We reached the line; it looked like an old earth bank or fortification line, about my height, now covered with roots from the trees that had seeded at the top. Easy enough to clamber over. I started up.

"Wait." White's voice had enough of an edge to it that I stopped in my tracks. She was already half-way up the embankment, crouched and looking at something in the area beyond it.

Millford, apparently missing the tone of caution in White's voice, climbed up next to White. "What is it—" she started, then her voice dropped to a whisper. "Oh gosh. Code Apricot."

I switched on my body cam immediately, and saw the rest follow suit. Code Apricot is, essentially, an alien encounter—or ideally as little of an encounter as possible. I raised myself up to peek over the embankment.
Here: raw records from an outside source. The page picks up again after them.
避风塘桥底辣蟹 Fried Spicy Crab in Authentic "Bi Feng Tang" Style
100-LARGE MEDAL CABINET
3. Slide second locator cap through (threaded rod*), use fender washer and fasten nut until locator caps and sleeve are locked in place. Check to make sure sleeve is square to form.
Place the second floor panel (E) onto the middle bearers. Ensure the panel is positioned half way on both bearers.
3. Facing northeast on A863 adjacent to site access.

There was indeed a clearing in the gorse; a roughly circular area ten metres or so in diameter, with the edge of some pine woodland at the far edge. Near the centre, a deer, presumably the one we'd just seen, was collapsed, laying on its side and—I hope—dead.
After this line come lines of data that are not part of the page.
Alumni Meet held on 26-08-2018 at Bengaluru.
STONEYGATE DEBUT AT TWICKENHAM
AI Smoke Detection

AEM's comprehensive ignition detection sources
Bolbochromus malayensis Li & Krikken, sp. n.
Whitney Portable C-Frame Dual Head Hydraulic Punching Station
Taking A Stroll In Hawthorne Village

Crouched over the deer was a creature that was undoubtedly extraterrestrial. Puffy, hairless skin covered most of its body. It was the colour of cheap, processed ham, though there were also patches of yellow all over it; at the time I theorised that they might be infections of some sort. The surface was stretched like a custard skin over an almost balloon-shaped body that, to my human eyes, looked bloated and swollen. Around its neck was a white "collar" similar to that of a pigeon, and there was some kind of colourful plumage at the front.

Two large green eyes protruded, frog-like, from the front of its head, which was dipped down behind the deer. It appeared to be feeding on it. A moment later, it lifted its head, and we could see a maw of a mouth masticating the meat.

It didn't seem to have seen us yet.

"Confirmed. Code Apricot." I sent a radio message back to our Lieutenant and broadcast my camera feed on the encrypted channel, so he could watch from the minibus where he was set up at our trailhead, twenty or so klicks away.

"Look at how it's eating that animal," Millford whispered. "It's munching through it as if it were fudge. Do you think it has teeth, or perhaps it's doing something to the flesh before biting it? I wonder if I can get a better look from around the other side."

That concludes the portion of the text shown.